Moreover, contrary to plaintiffs assertion, it is not an issue of material fact whether her failure to disclose her breast condition was material to PHA’s acceptance of the risk of subsequent cancer. The affidavit of PHA’s executive vice president states that the presence of breast lumps or nodules is material to its acceptance of an insurance risk and that its standard policy is to require an endorsement similar to the one attached to plaintiffs second policy if an applicant has a preexisting condition of breast lumps or nodules. What is material and is undisputed is that the existence of a condition of lumps or nodules was pertinent to PHA’s evaluation of the risk of insuring plaintiff against diseases of the breast. The relationship between plaintiffs cancer and her preexisting breast condition, however, was not material to PHA’s decision whether to insure.

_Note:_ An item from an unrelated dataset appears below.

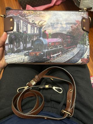 Precioso bolso bandolera con estampado de un tren. Ideal para un look casual y elegante. - Diseño único y llamativo. - Asa larga regulable y desmontable. - Cierre de cremallera. - Perfecto estado.

Furthermore, there is no issue of material fact as to whether PHA’s standard policies and practices required it to cancel the original policy and reissue it with the endorsement. The issue, and it is one of law, is whether the parties’ contract allowed the insurance company to cancel. The application that plaintiff signed, and which was part of the insurance contract, see ORS 743.045(1), provided that the policy could be canceled if plaintiff omitted any material preexisting health condition from her application. Plaintiff failed to list her breast condition. Under the policy, PHA could cancel it.

Finally, there is no genuine issue of material fact whether plaintiffs acceptance of the new policy was voluntary. It was not a “take it or leave it” situation in the circumstances. It is undisputed that she did not try to find another carrier, that she liked her doctors and that she was willing to accept the waiver provision to reinstate her coverage with PHA.

Plaintiff argues that, as a matter of law, former ORS 743.042(1) precludes the grant of summary judgment for PHA.3 The argument is without merit. The affidavit of PHA’s *43executive vice president states that the omitted condition was material to the acceptance of the risk. PHA, therefore, relied on the accuracy of plaintiff s information in issuing the earlier policy. Had plaintiff disclosed the omitted information, PHA would have issued the policy only with the endorsement.

Accordingly, there were no genuine issues of material fact. The court did not err when it granted summary judgment.

Affirmed.

Plaintiff originally asked for reformation of the policy but withdrew that claim in the reply brief.

The insurer may cancel a health insurance policy under certain conditions, but “[c]ancellation shall be without prejudice to any claim originating prior to the effective date of cancellation.” ORS 743.471.

Former ORS 743.042(1) provided:

“All statements and descriptions in any application for an insurance policy by * * * the insured, shall be deemed to be representations and not warranties. Mis*43representations, omissions, concealment of facts and incorrect statements shall not prevent a recovery under the policy unless the misrepresentations, omissions, concealments of fact and incorrect statements:
“(a) Are contained in a written application for the insurance policy, and a copy of the application is indorsed upon or attached to the insurance policy when issued;
“(b) Are shown by the insurer to be material, and the insurer also shows reliance thereon; and
“(c) Are either:
“(A) Fraudulent; or
“(B) Material either to the acceptance of the risk or to the hazard assumed by the insurer.”